Exercise requirements » Reproduce the listing below exactly, beginning with its first line and ending with the line that holds "The Jones Residence"; pictures are not part of the copy.

The data »
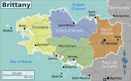 | Lower Brittany (Basse-Bretagne) ("Breizh Izel" in Breton) consists of the western part (Finistère, western Côtes-d'Armor, western Morbihan and the area around Guérande), where the Breton language is spoken. |
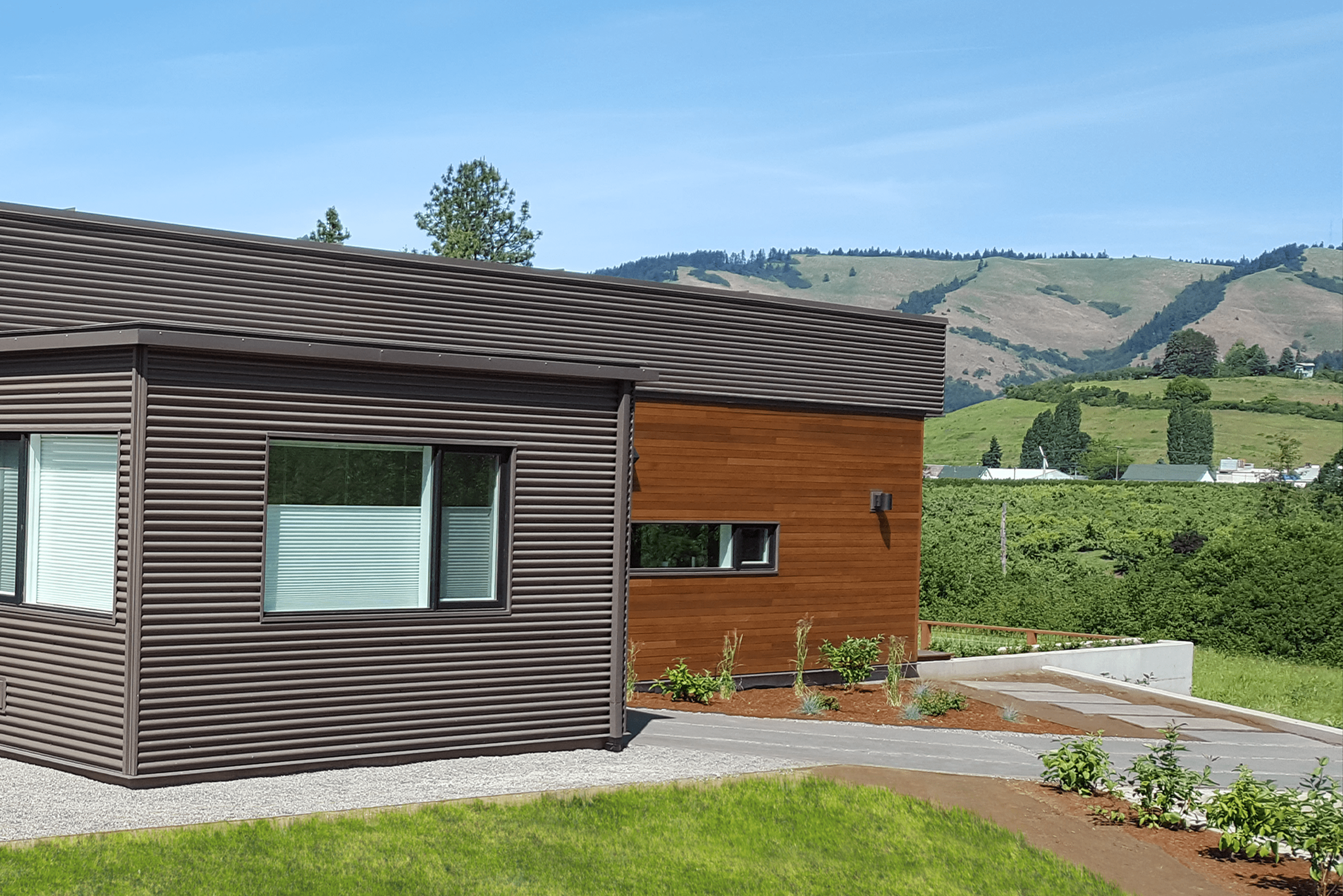 The Jones Residence features Taylor Metal’s Classic 7/8″ Corrugated™ panel. The gauge is 24 and the color is Dark Bronze (Kynar 500®). Classic 7/8″ Corrugated™ is an economical, structural, exposed fastener metal roof and wall panel. Deep corrugations allow for aesthetically pleasing shadow lines, making it an excellent choice for any application.
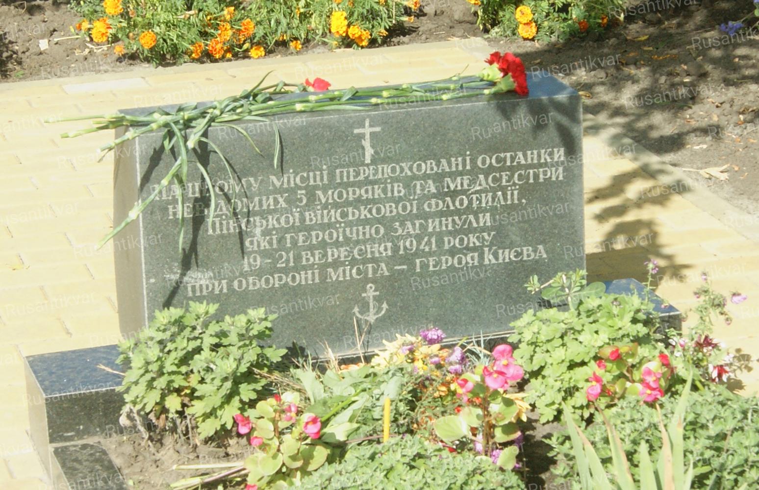 После войны исполком Иванковского сельсовета обустроил братскую могилу, в которую, по непроверенным данным, легло 1700 защитников Киева, в том числе, часть погибших моряков. Найденные поисковиками останки были похоронены сюда же со всеми воинскими почестями и по христианским обычаям в два этапа, 9 мая 2007-го и 9 мая 2009 года. Идентифицировать, к сожалению, удалось единицы. Первым стал пограничник Петр Потапович Постоялкин, сражавшийся вместе с моряками. У него был найден хорошо сохранившийся медальон, а в г. Зимогорье Славяносербского района Луганской области нашлись его родственники. Батальонного комиссара ПВФ Петра Григорьевича Паргамина установили по найденному Андреем Макаровым ордену Красной звезды № 3388. К нему родственники приехали на захоронение в Иванькове.

Reply to the exercise »
 | Lower Brittany (Basse-Bretagne) ("Breizh Izel" in Breton) consists of the western part (Finistère, western Côtes-d'Armor, western Morbihan and the area around Guérande), where the Breton language is spoken. |
 The Jones Residence features Taylor Metal’s Classic 7/8″ Corrugated™ panel. The gauge is 24 and the color is Dark Bronze (Kynar 500®). Classic 7/8″ Corrugated™ is an economical, structural, exposed fastener metal roof and wall panel. Deep corrugations allow for aesthetically pleasing shadow lines, making it an excellent choice for any application.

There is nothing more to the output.